(Available records)

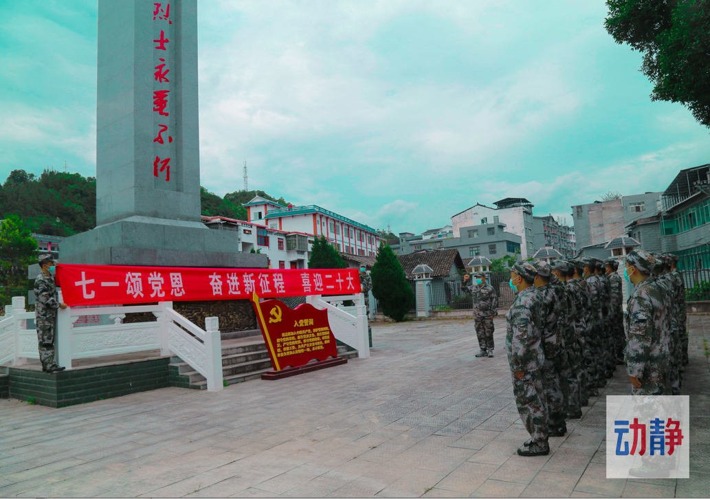 在台江,县人武部组织党员干部职工、民兵党员代表开展“七一颂党恩·喜迎二十大”主题党日活动,重温入党誓词。
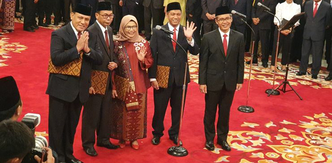 Presiden Joko Widodo resmi melantik lima pimpinan KPK periode 2019-2023. Mereka adalah Firli Bahuri (ketua), Lili Pintauli Siregar, Nurul Ghufron, Nawawi Pomolango, dan Alexander Marwata sebagai wakil ketua merangkap anggota.
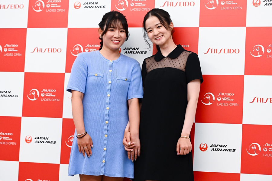 女子ゴルフの国内ツアー、資生堂・JALレディース(3日開幕、神奈川・戸塚CC)の前夜祭が1日、横浜市内のホテルで行われた。ツアー通算5勝の川崎春花と同1勝の吉本ひかるは仲良く2人でカメラの前に現れた。
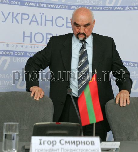 Президент непризнанной республики Приднестровье Игорь Смирнов во время пресс-конференции, в Киеве, в среду, 27 апреля 2011 г. В этот день Смирнов, находящийся с деловым визитом в Киеве, встретился с министром иностранных дел Украины Константином Грищенко. По итогам встречи состоялась пресс-конференция, в ходе которой Президент ПМР прокомментировал текущее состояние переговорного процесса с Молдавией, и сообщил, что Приднестровье готово к переговорному процессу в формате «5+2» по Приднестровскому урегулированию. Кроме того, были рассмотрены вопросы двухстороннего сотрудничества, в частности, торгово-экономического. Игорь Смирнов считает, что Украина и Приднестровье создадут единый координационный совет. Фото Александра Синицы / УНИАН
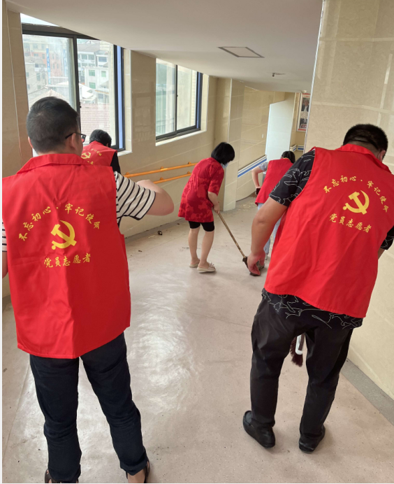 活动现场,党员志愿者们身穿红马甲,不怕脏不怕累,手拿扫帚、簸箕、垃圾桶等工具,有的清理墙面蜘蛛网,有的清理走廊上的灰尘、包装袋等垃圾,在炎热的夏日里干得热火朝天,汗流浃背,但没有一个人叫苦叫累,穿梭忙碌的身影形成了一道亮丽的风景线。整个环境焕然一新。

(End Available records)

## Work item:
Leaving the pictures aside, transcribe exactly the lines from the one containing "女子ゴルフの国内ツアー、資生" to the final line of the entries above, both ends included.

## Exercise response:
 女子ゴルフの国内ツアー、資生堂・JALレディース(3日開幕、神奈川・戸塚CC)の前夜祭が1日、横浜市内のホテルで行われた。ツアー通算5勝の川崎春花と同1勝の吉本ひかるは仲良く2人でカメラの前に現れた。
 Президент непризнанной республики Приднестровье Игорь Смирнов во время пресс-конференции, в Киеве, в среду, 27 апреля 2011 г. В этот день Смирнов, находящийся с деловым визитом в Киеве, встретился с министром иностранных дел Украины Константином Грищенко. По итогам встречи состоялась пресс-конференция, в ходе которой Президент ПМР прокомментировал текущее состояние переговорного процесса с Молдавией, и сообщил, что Приднестровье готово к переговорному процессу в формате «5+2» по Приднестровскому урегулированию. Кроме того, были рассмотрены вопросы двухстороннего сотрудничества, в частности, торгово-экономического. Игорь Смирнов считает, что Украина и Приднестровье создадут единый координационный совет. Фото Александра Синицы / УНИАН
 活动现场,党员志愿者们身穿红马甲,不怕脏不怕累,手拿扫帚、簸箕、垃圾桶等工具,有的清理墙面蜘蛛网,有的清理走廊上的灰尘、包装袋等垃圾,在炎热的夏日里干得热火朝天,汗流浃背,但没有一个人叫苦叫累,穿梭忙碌的身影形成了一道亮丽的风景线。整个环境焕然一新。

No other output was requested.